Il semble clair qu'outre l'exploration de nouveaux créneaux – tels que les déchets de
bois ou les services de proximité en matière d'enlèvement de déchets – le maintien et
le développement des entreprises d'économie sociale passera par l'activation de
nouveaux partenariats, notamment avec les autorités locales. En effet, eu égard à la
petite taille des entreprises sociales ainsi qu'à la nature de leurs activités en matière de
gestion des déchets (se résumant principalement à la collecte, au tri et à la
réutilisation) et compte tenu du rôle important du niveau local dans ce domaine, il
faudra encourager le développement des collaborations entre les entreprises sociales et
les communes ou les intercommunales.
9
Recommandations de l'étude "Economie sociale et gestion des déchets" – Université de Liège - Faculté
d'Economie, de Gestion et de Science Sociale – Centre d'Economie Sociale.
L'évaluation de l'action des entreprises d'économie sociale dans le secteur des déchets
se heurte actuellement à une absence de connaissances statistiques suffisantes ainsi
que d'instruments de mesure quantifiant les externalités positives de leurs actions (et
notamment les bénéfices sociaux et environnementaux produits)10.
Cette situation débouche sur une absence de visibilité , de lisibilité claire des actions
entreprises par l'économie sociale, alors que l'évaluation des politiques mises en
oeuvre dans le secteur des déchets devrait idéalement reposer sur des indicateurs de
développement durable mesurant les évolutions et les interactions des paramètres
relatifs aux différentes composantes du développement, à savoir les ressources
économiques, sociales, environnementales et institutionnelles de la société.11
L'économie sociale est un secteur dont l'identité est encore mal définie dans le
domaine des déchets. La mise en place d'un agrément par les pouvoirs publics
témoignerait de la reconnaissance de son utilité et justifierait la mise en place de
discriminations positives au travers de réglementations sectorielles et de la
réglementation des marchés publics.
Certaines initiatives dispersées ont déjà été récemment mises en place. Elles reposent
largement sur le recours aux instruments économiques (taux réduits de TVA, clauses
sociales dans les marchés publics, subsides) et doivent encore être affinées ou
développées.
Leur efficacité dépendra de l'établissement d'une convergence d'objectifs entre les
politiques environnementale, sociale et économique.

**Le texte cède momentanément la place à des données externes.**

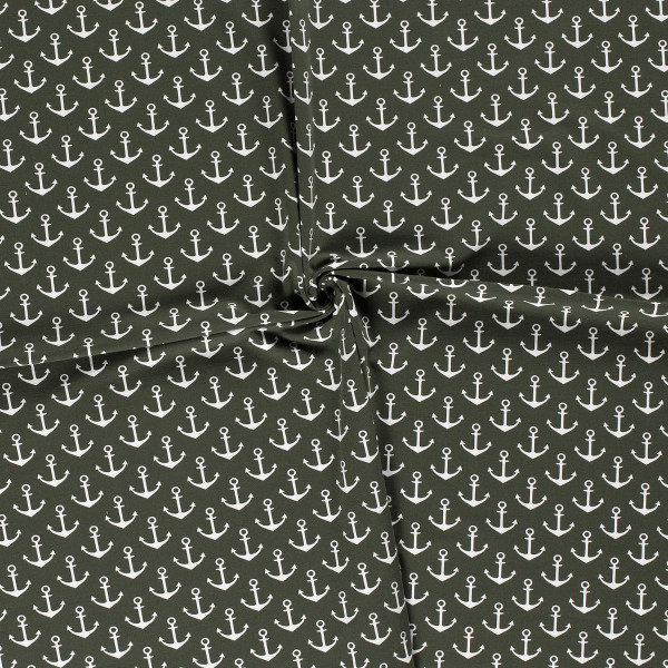 Die Oberfläche ist mit Anker auf dunkelgrün farbenem Hintergrund bedruckt.

Pour l'instant, le lieu garantissant l'établissement de cette convergence n'existe pas. Ce
constat rejoint une préoccupation de l'économie sociale qui plaide pour la mise en
place d'une structure interservices au sein de la Commission Européenne et d'un
groupe de travail interdépartemental au niveau des administrations fédérales et
régionales qui traiterait l'économie sociale dans toutes ses composantes et quantifierait
l'impact des autres politiques sur ce secteur.
10
Ce constat rejoint une des conclusions générales formulées notamment par le secteur concerné, celui –ci
demandant que des outils statistiques performants soient développés et affinés pour saisir l'importance et le poids
des entreprises d'économie sociale. L'élaboration d'un système d'information statistique globale sur les
Associations est actuellement en discussion au niveau du Working Group on National Accounts de l'ONU. Une
volonté politique est à présent indispensable pour passer de ce stade expérimental à l'inscription structurelle de
ces efforts dans le sillage du Système Européen des Comptes Nationaux (SEC-1995). En même temps, il
importe qu'une démarche proprement européenne assure la mise en place d'outils statistiques pour les autres
composantes de l'économie sociale.
11
Plus généralement, à côté d'un besoin de visibilité et de lisibilité, un enjeu décisif pour l'économie sociale sera
de s'atteler au chantier de la création de nouveaux indicateurs de richesse. "Les acteurs de l'économie sociale qui
quotidiennement font le choix de privilégier les objectifs sociaux et humains face aux exigences du seul profit,
ne peuvent en effet accepter de se laisser imposer des critères d'évaluation qui ignorent les enjeux
environnementaux, sociaux, de santé, d'équité,..." (Résolution européenne du secteur de l'économie sociale).